Work to be completed -> Write the listing below out again exactly, dropping the images.

Given information ->
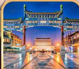
ถนนเทียนเหมิน
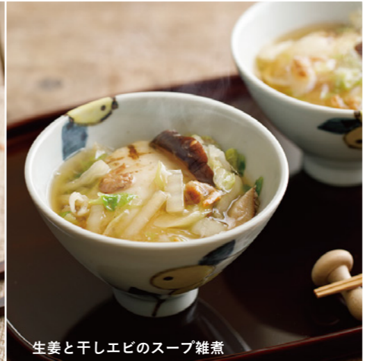
生姜と干しエビのスープ雑煮

【材料(2人分)】 ・そうめん 4束(ゆでておく) ・ごま油 大さじ1 ・A(長ネギのみじん切り 1/2本分、人参のみじんぎり 約3cm分、鶏ひき肉 150g) ・塩・鶏ガラスープの素 各適量 ・水 600ml ・B(日本酒 大さじ1、いしる(または醤油)適量、生姜de生姜 大さじ1と1/2) ・水溶き片栗粉 大さじ2 ・パクチー(または水菜) 適宜 【作り方】 ① フライパンにごま油を熱して②を炒め、塩で味を調える。 ② ①に水、鶏ガラスープの素、沸騰したらアクをとり、水溶き片栗粉でとろみをつける。 ③ そうめんを器に守り、②をかける。パクチーを添え、お好みでレモンを搾る。

Task output ->
ถนนเทียนเหมิน
生姜と干しエビのスープ雑煮

【材料(2人分)】 ・そうめん 4束(ゆでておく) ・ごま油 大さじ1 ・A(長ネギのみじん切り 1/2本分、人参のみじんぎり 約3cm分、鶏ひき肉 150g) ・塩・鶏ガラスープの素 各適量 ・水 600ml ・B(日本酒 大さじ1、いしる(または醤油)適量、生姜de生姜 大さじ1と1/2) ・水溶き片栗粉 大さじ2 ・パクチー(または水菜) 適宜 【作り方】 ① フライパンにごま油を熱して②を炒め、塩で味を調える。 ② ①に水、鶏ガラスープの素、沸騰したらアクをとり、水溶き片栗粉でとろみをつける。 ③ そうめんを器に守り、②をかける。パクチーを添え、お好みでレモンを搾る。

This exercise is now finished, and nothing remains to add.